December 19, 2000 4 min read Download Report
Ana
Ana Eiras
Former Senior Policy Analyst on International Economics
Ana served as a Senior Policy Analyst on International Economics.

On November 29, the United States and Chile came one step closer to achieving (in the words of President Bill Clinton) a "mutual commitment to advancing free and open trade and investment in the Americas." Chile received this long-sought invitation to trade more freely with the United States during Chilean President Ricardo Lagos's recent visit to the United States, when President Clinton announced their decision to open negotiations on a bilateral free trade agreement.
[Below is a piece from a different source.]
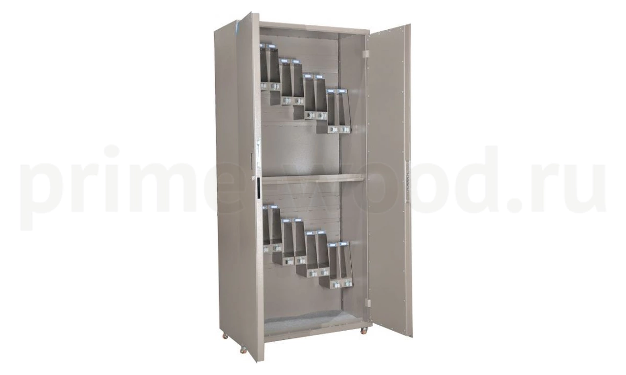 Сейф оружейный на 20 стволов. Высота ствола от 360 до 680 мм. Ложементы — металлические держатели с резиновыми роликами. На двери установлена рамка под опись.
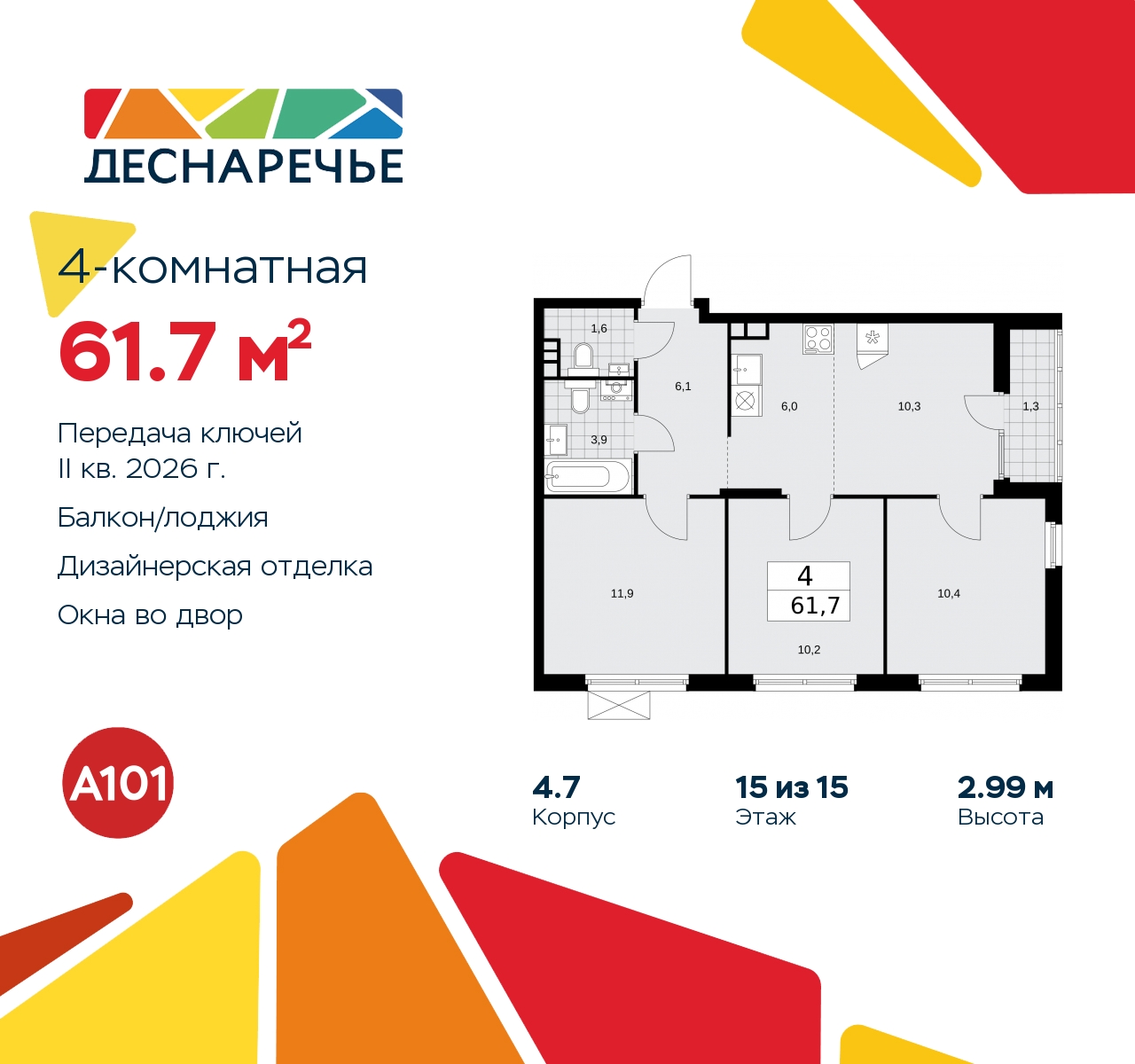 4-комн. квартира с европланировкой и отделкой в ЖК "Деснаречье" на 15 этаже. Общая площадь: 61.7 кв.м., жилая: 42.8 кв.м., общая площадь гостиной-столовой с кухонной зоной: 16.3 кв.м. Европланировка, площадь комнат позволяет разместить в них все необходимое, а в просторной кухне-гостиной удобно как готовить, так и отдыхать. Квартира угловая, идеально подойдет любителям тишины и панорамных видов. В квартире одна лоджия, один совмещенный и один раздельный санузел. Высота потолков 2.99 м. Эта квартира будет сдана с дизайнеркой отделкой "под ключ". Специально для вас мы разработали несколько решений дизайнерской отделки. В отделке используются только современный высококлассные материалы, на все работы предоставляется гарантия. В таком случае вы оплачиваете отделку в сегодняшних ценах, а эту стоимость вы можете разнести в ипотечных платежах. Дом монолитный, трехподъездный, высотой 15 этажей. Квартира находится в 3-й секции в корпусе 4.7. На этаже 6 квартир. В подъезде 1 пассажирский и 1 грузовой лифт. Начало строительства - 3 квартал 2023 года. Окончание строительства - 2 квартал 2026 года. Оформление сделки по договору долевого участия. Артикул квартиры по базе застройщика 88К-4.7-1691. ПРЕДЛОЖЕНИЯ ОТ ЗАСТРОЙЩИКА В ОКТЯБРЕ 2025: Ипотека от 13,9 % для всех! На весь срок. "Семейная ипотека" вернулась. Ставка от 3,5 % на весь срок! Без удорожания! Выгодное ипотечное комбо: Ипотека от 2200 р./мес. и от 6 % после рождения ребёнка! Ипотека для всех "Держи пять!" - ставка 5 % на 2 года! *более подробную информацию по скидкам и акциям уточняйте в отделе продаж Масштабный проект "Деснаречье" на юго-западе Москвы, который включает три новых района («квартала»), объединённые общей идеей – воплотить в реальность мечты современных жителей столицы об интересном, комфортном и разноплановом городском пространстве в окружении рек и лесов, словно сошедших с полотен русских живописцев: - «Берег» оценят все, кому близка водная стихия: плеск волн, солнечные блики и прогулки вдоль тихого течения речи. - «Лес» утопает в зелени парков и лесов. Здесь соблюдён идеальный баланс загородного спокойствия и столичного комфорта. - «Парк», самый энергичный и яркий, отличается высокой концентрацией пространств для спорта и творчества. Жилой комплекс "Деснаречье" расположится в 12 км от МКАД по современному Калужскому шоссе. Внешний облик зданий соответствует современному стилю и стандартам, характерным и для других популярных проектов ГК «А101»: сочетание контрастных тонов, большое количество остекления, в котором отражается небо, гармония с природным окружением. Весь город - в вашем районе. Находиться на территории «15-минутного города» значит иметь всё необходимое для полноценной жизни в шаговой доступности. Маршруты в районе «Деснаречье» выстроены так, чтобы добраться до магазинов, парков, школ, салонов услуг и других объектов можно было всего за несколько минут пешком или на велосипеде. Двор закрытый от машин – это тишина, комфорт и безопасность, поэтому все машино-места (включая «семейные» и увеличенные, с возможностью установки роллетных шкафов) находятся в подземном паркинге. В паркинги можно спуститься на лифте из любого подъезда или по лестнице. Рядом с «Деснаречьем» в 2027 году планируется открытие станции метро «Десна», до которой будет удобно добраться пешком или на велосипеде. Дорога на автомобиле до

Yet this effort to foster development in the Western Hemisphere could carry the seeds of its own failure in the guise of developed-world labor and environmental strictures attached to the proposed agreement.
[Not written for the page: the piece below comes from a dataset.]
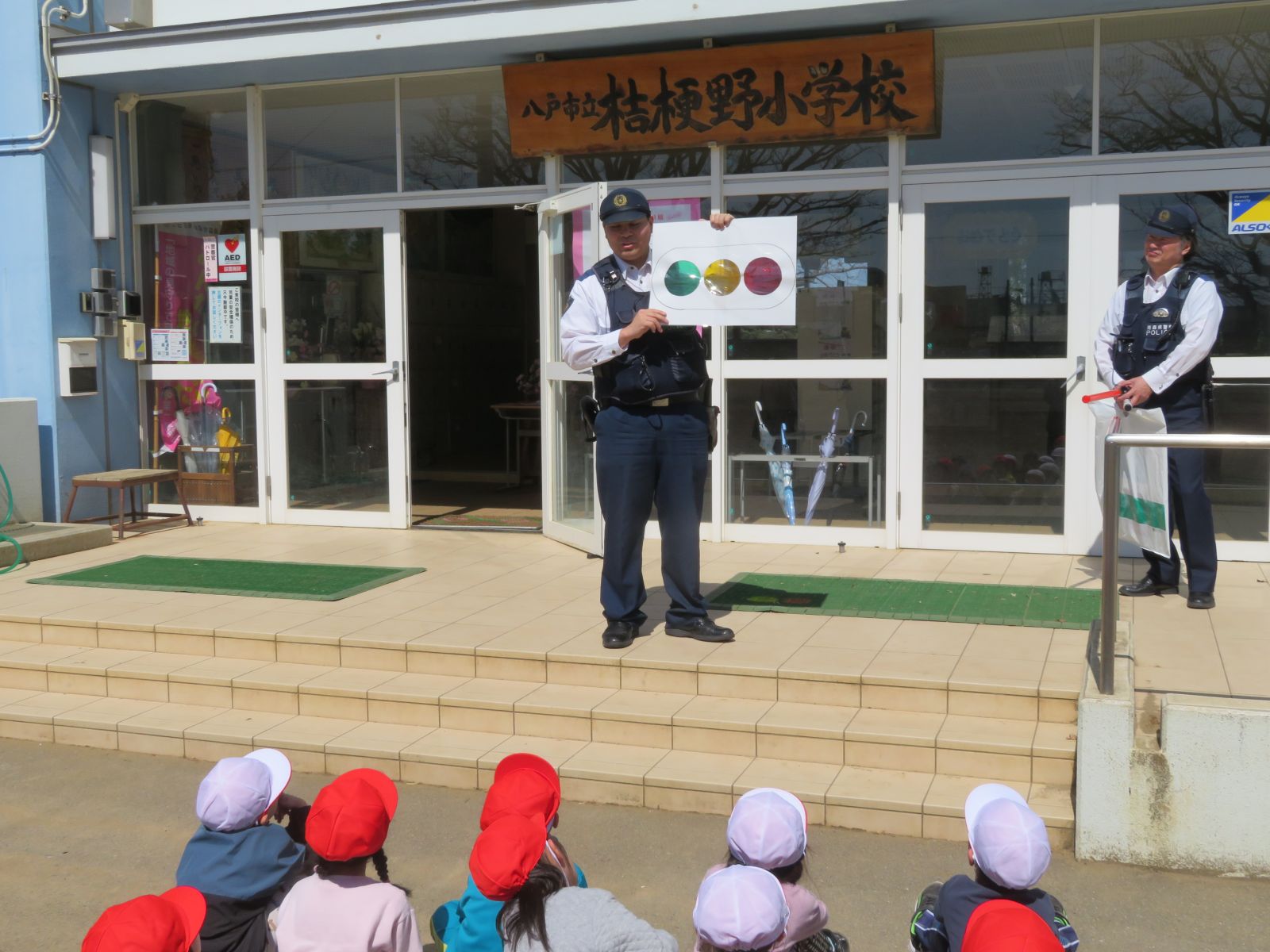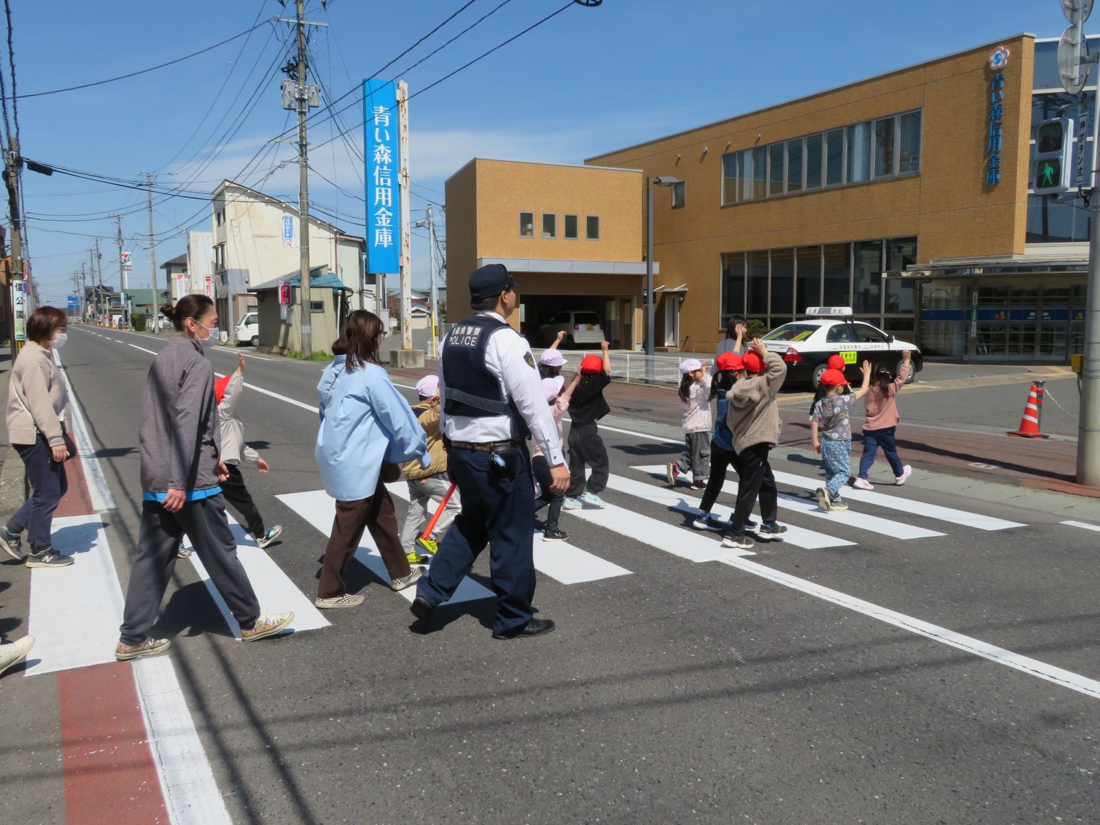 ご協力いただいた、市川駐在所の皆様、交通安全協会市川支部長様、八戸モータースクールの職員の皆様、見守りの保護者の皆様、ありがとうございました。
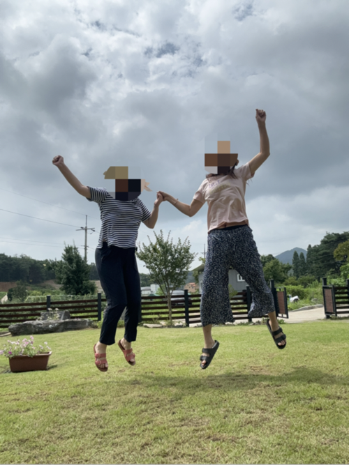 철없이 농담하고 만나면 해드뱅잉이 일상이었던 우리가 결혼을 하고 아이를 낳고 다시 만났다. 내 눈에는 아직도 그녀는 처음 만났을 때 여고시절 얼굴로 보인다. 우리 부모님께서도 너는 어쩜 그대로냐고 반기셨다. 남편들이 아이를 봐줘서 우리끼리 볼 수 있어 이 시간이 더욱 귀하게 느껴졌다. 엄마가 주신 몸빼 바지를 나눠 입고 텃밭에서 상추를 뜯고 고추를 따서 고기를 구워 밥을 먹었다. 이미 지난 나의 생일이지만 케이크 또 하자며 케이크까지 사 와서 초등학생처럼 친정집에서 파티도 했다. 핸드폰으로 정말 더럽게 안 맞는 점프샷을 찍고 관절 아프다며 낮잠도 퍼져 잤다. 니 방귀가 더 독하다 아니다 네가 더 독하다며 선풍기 앞에서 방귀 뀌지 말라고 투닥 대며 자는 게 아쉬워 밤늦도록 수다 떨다 새벽녘에나 잠이 들었다. 동네 친구가 친정 가서 부럽다며 뭐 하냐고 하길래 친구랑 1박 하며 놀고 있는 사진을 보냈더니 MZ 촌캉스 같다며 너무 부러워했다. 그럼 너도 오라며 언제든 환영한다고 초대했다. 우리 엄마는 이 사실을 모르지만 아마 좋아하실 것이라 믿는다.

Imposing such developed-world standards will delay Chile's chances to achieve the very development and prosperity that free trade agreements are designed to accomplish. To demonstrate its genuine commitment to advancing economic freedom in the Americas, the United States should not include developed-world standards in the bilateral agreement with Chile. For its part, Chile should not agree to sign any bilateral trade agreement with the United States that includes such standards.

How the Standards Would Harm Chile
Chile has developed considerably over the past 25 years. It has alleviated much of its poverty, in part by making free trade a cornerstone of its economic development, and is widely recognized as one of Latin America's economic success stories. The country, however, has not yet reached the high productivity levels, economic growth, and overall living standard of the United States: In 1999, on average, Americans earned a per capita income of over $31,000, while Chile's per capita income was, at under $5,000, less than one-sixth as high. As a result, any trade agreement that imposes developed-world labor and environmental standards on bilateral trade will only increase production costs for Chilean companies and decrease the competitiveness of their goods in the U.S. market.

If the United States insists on imposing developed-world labor standards on Chile, each Chilean worker will become more expensive for Chilean companies to employ, since the cost of production will rise as producers try to meet the standards. Producers will be forced to lay off some workers and will be obliged to charge more for their products, which makes the goods less competitive. Some could even be forced to shut down their businesses. Such standards, therefore, would harm both Chilean producers, by making them less competitive, and Chilean workers, who might lose their jobs.

The Clinton Administration's position on this issue carries another serious implication. If Chile were to sign a trade agreement with the United States that included labor and environmental provisions but later found it impossible to meet those standards, the United States might respond by imposing sanctions. Thus, whether or not Chile abides by the standards, once it signs such an agreement, it will have shackled its own prospects for continued economic development. In effect, the proposed policy would punish Chileans for their relative lack of wealth: once by making it harder for them to achieve the same standard of living people in the most developed nations enjoy and again by sanctioning them for that failure.

How the Standards Would Harm America
When free trade is crippled by labor and environmental riders in international agreements, Americans are also harmed. Less competition from other countries in the marketplace means that Americans will have to pay more for products at the store and that producers who remain in the marketplace will have less incentive to improve their own goods.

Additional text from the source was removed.